**INFORMATION SUPPLIED**
────────────────────

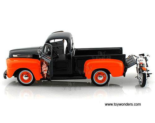 Maisto HD - Ford F-1 Pickup Harley-Davidson / FLH DUO Glide Motorcycle (1948/1958, 1/24 scale diecast model car/1/24 scale diecast model car, Black & Orange) 32180BO
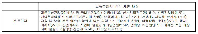 고용추천서 필수 제출 업종은 반드시 제출을 해야합니다.
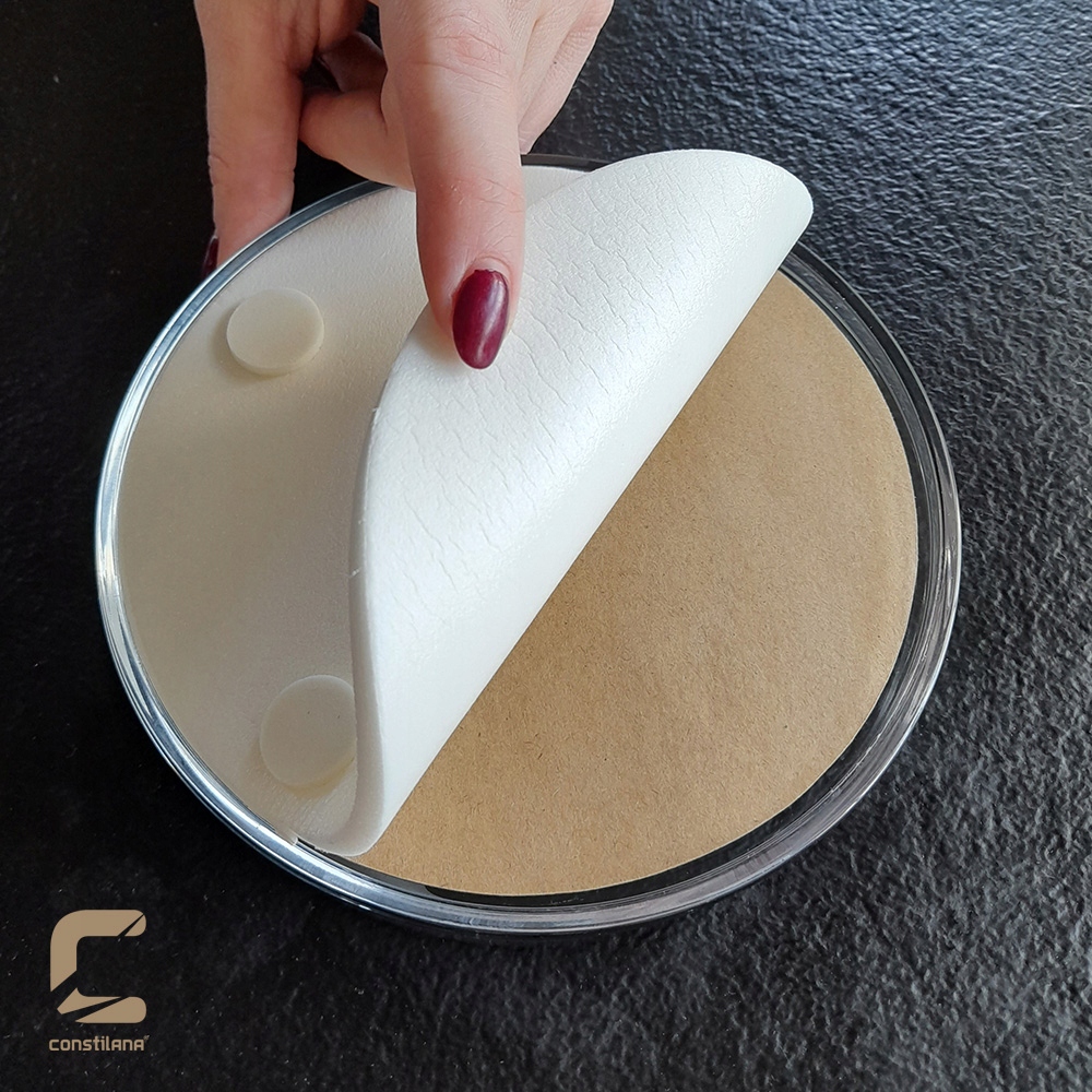 Підставка з вашим принтом для роздачі дуже міцне - стійке до подряпин скло (на відміну від пластику та полікарбонату, на яких подряпини помітні дуже швидко), на прокладках проти ковзання. З литого, профільованого скла. Його увігнутий меніск розміром 8 мм захищає монету від випадання.

────────────────────

**TASK ITEM**
Exactly as they appear, print the lines of the listing above from its first line through the line that contains "고용추천서 필수 제출 업종은 반드시 제출을 해야합니다.", minus the pictures.

**SOLUTION TO THE PROBLEM**
 Maisto HD - Ford F-1 Pickup Harley-Davidson / FLH DUO Glide Motorcycle (1948/1958, 1/24 scale diecast model car/1/24 scale diecast model car, Black & Orange) 32180BO
 고용추천서 필수 제출 업종은 반드시 제출을 해야합니다.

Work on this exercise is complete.